The inconsistency test showed that the clinical pregnancy and live birth rate results were consistent in the direct, indirect and network analyses except for the comparison of CC + MET and MET (Supplementary Fig. 1), and the sensitivity analysis, which used frequentist methods to perform the network meta-analysis, showed similar results, even though the 95% CI was narrower than the results from the Bayes method (Supplementary Fig. 2).

However, significantly high heterogeneity existed in the comparison of CC and MET and MET and CC + MET in the primary outcome. Clinical pregnancy also had high heterogeneity in the comparison between MET and placebo. The heterogeneity in the comparison of CC with CC + MET was moderate, and the other comparisons had low heterogeneity in the analysis (Supplementary Fig. 3A&B). Nevertheless, the heterogeneity was decreased to some extent after subgroup analysis (Supplementary Fig. 3F&G).

For the secondary outcome, heterogeneity was low to moderate for most trials (Supplementary Fig. 3C-E). Unfortunately, sensitivity assessment and subgroup analysis were not accomplished due to the lack of data for the second outcome.

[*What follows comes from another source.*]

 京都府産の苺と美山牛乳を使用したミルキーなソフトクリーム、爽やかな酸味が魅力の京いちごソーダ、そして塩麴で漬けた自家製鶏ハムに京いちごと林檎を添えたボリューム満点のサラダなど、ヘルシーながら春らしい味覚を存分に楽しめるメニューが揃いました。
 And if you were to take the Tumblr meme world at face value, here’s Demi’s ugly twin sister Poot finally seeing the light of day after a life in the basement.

Meta-regression and subgroup analysis

The results of the meta-regression showed that baseline demographic characteristics, including age, BMI, region, duration of infertility and length of treatment, had no effect on clinical pregnancy and live birth (Supplementary Table 3). However, the potential effect of the variables could not be fully excluded based on negative results because meta-regression may underestimate some small associations. Thus, we performed subgroup analysis with different BMI cut-off points for pregnancy outcome.

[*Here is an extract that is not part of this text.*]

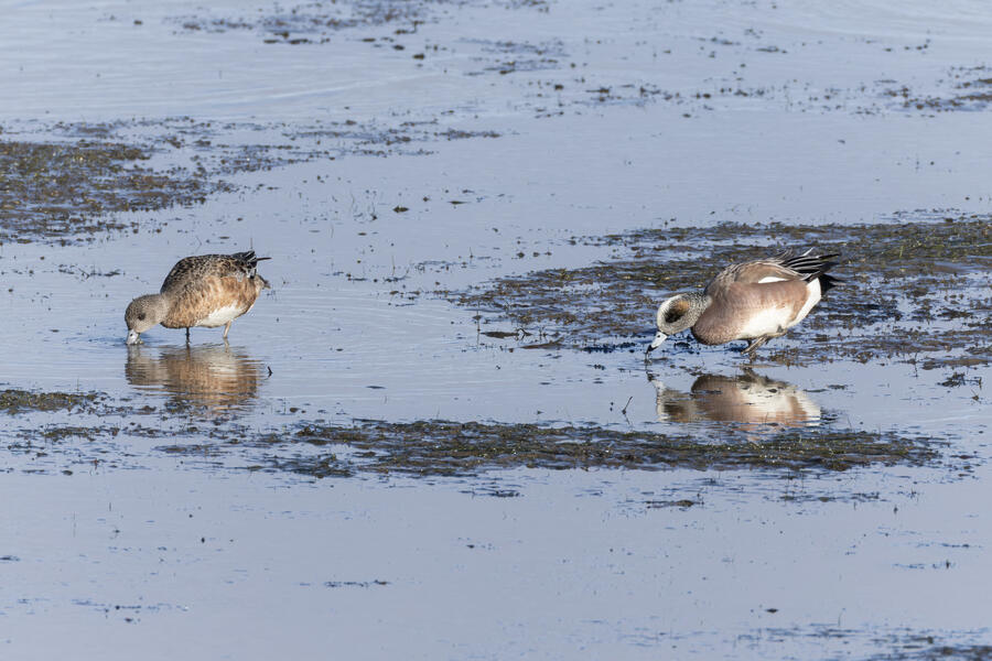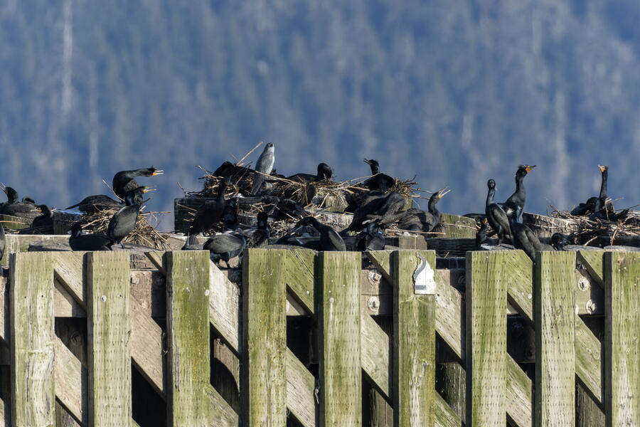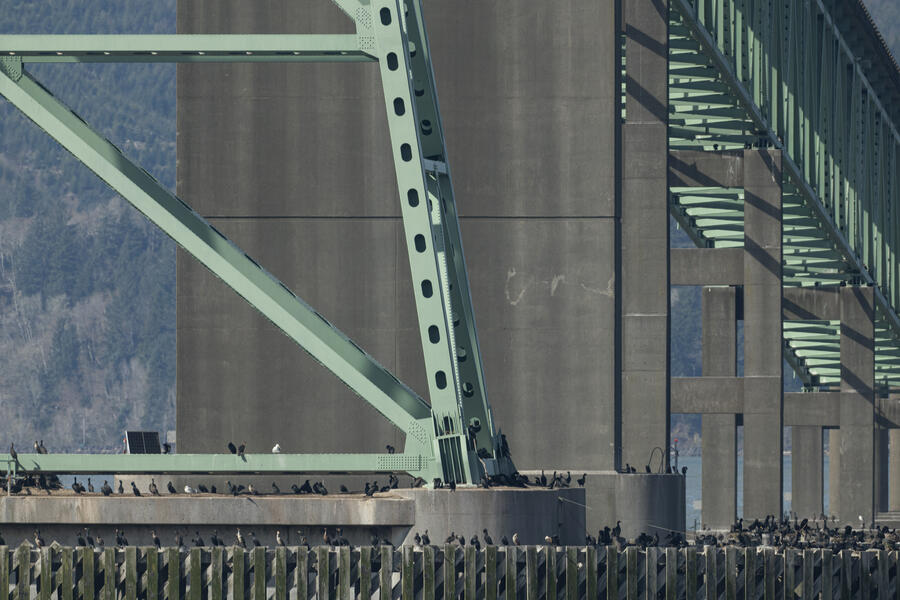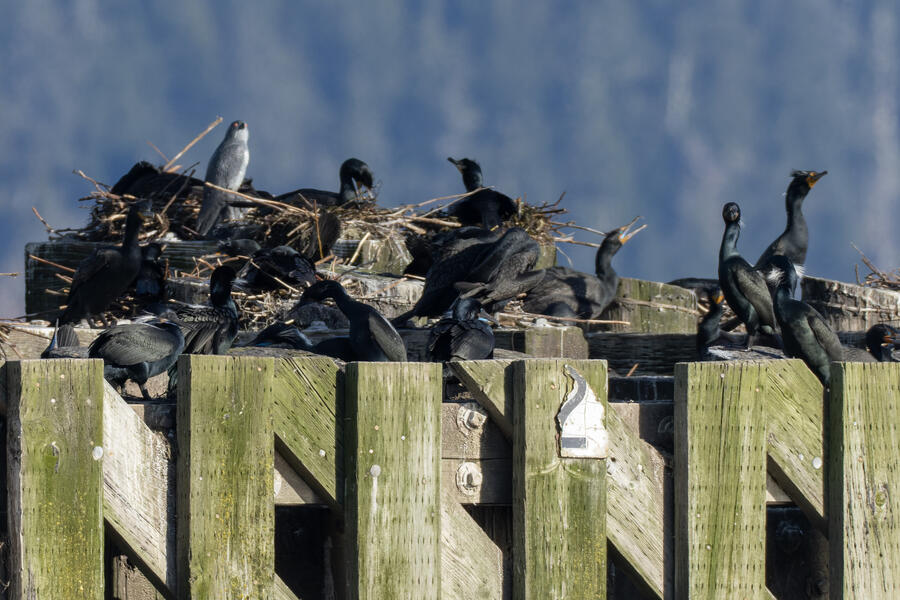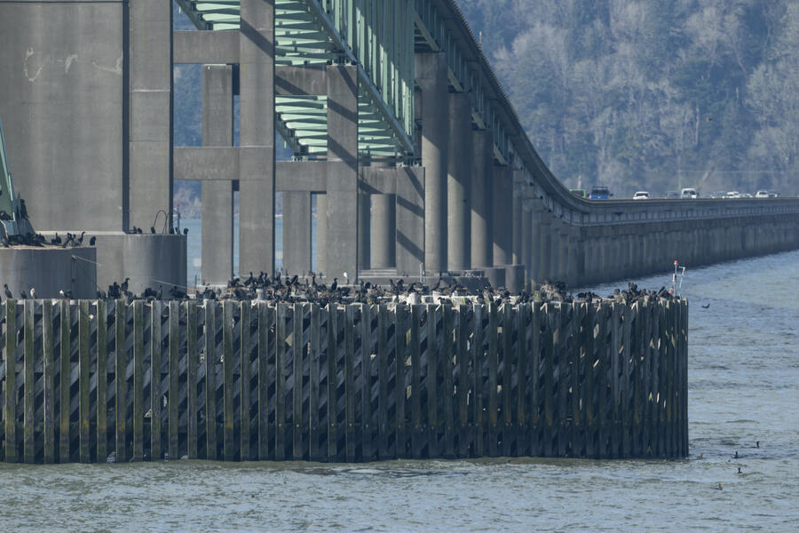Double-crested Cormorant, Brandt's CormorantAs far as I could tell, of the hundreds of cormorants sitting and nesting on the bridge piers, just about all were Double-crested Cormorants and these couple dozen were Brandt's Cormorants. There's a plastic dummy falcon there, an ineffictive one I'd say, as well.

The results showed that only one East Asian study included a population with normal BMI, while one East Asian and eight non-East Asian trials included obese populations. In addition, one East Asian study and twelve non-East Asian studies included overweight patients. To obtain sufficient data for the network meta-analysis, we finally divided these studies into obese and nonobese subgroups. In the obese group, no significant difference was found among these medications, including CC, EXE, LZ, MET, CC + MET, PIO, and CC + ROS, when compared with placebo (Supplementary Fig. 4A), whereas in the nonobese group, these medications showed an effect of increasing the clinical pregnancy in women with PCOS except for CC and TAM (Supplementary Fig. 4B).

Quality assessment and the risk of bias

Only seven studies were at a low risk of bias for all components and seven studies were at a high risk of bias. The main biases were caused by failure of blinding of the participants and personnel and incomplete outcome data. For blinding of the outcome assessment, due to the particularity of pregnancy, we considered all studies to have a low risk of bias in this aspect (Supplementary Fig. 5).

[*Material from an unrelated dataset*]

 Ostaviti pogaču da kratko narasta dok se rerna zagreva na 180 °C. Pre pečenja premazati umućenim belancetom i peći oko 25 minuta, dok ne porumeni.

The funnel plot and test were visually symmetrical, which indicated that there was no publication bias in the primary outcome (Supplementary Fig. 6). The CINeMA confidence of results showed moderate to very low confidence grades, mainly due to concerns about within-study bias, heterogeneity and imprecision owing to low numbers of trials for some comparisons (Supplementary Table 5).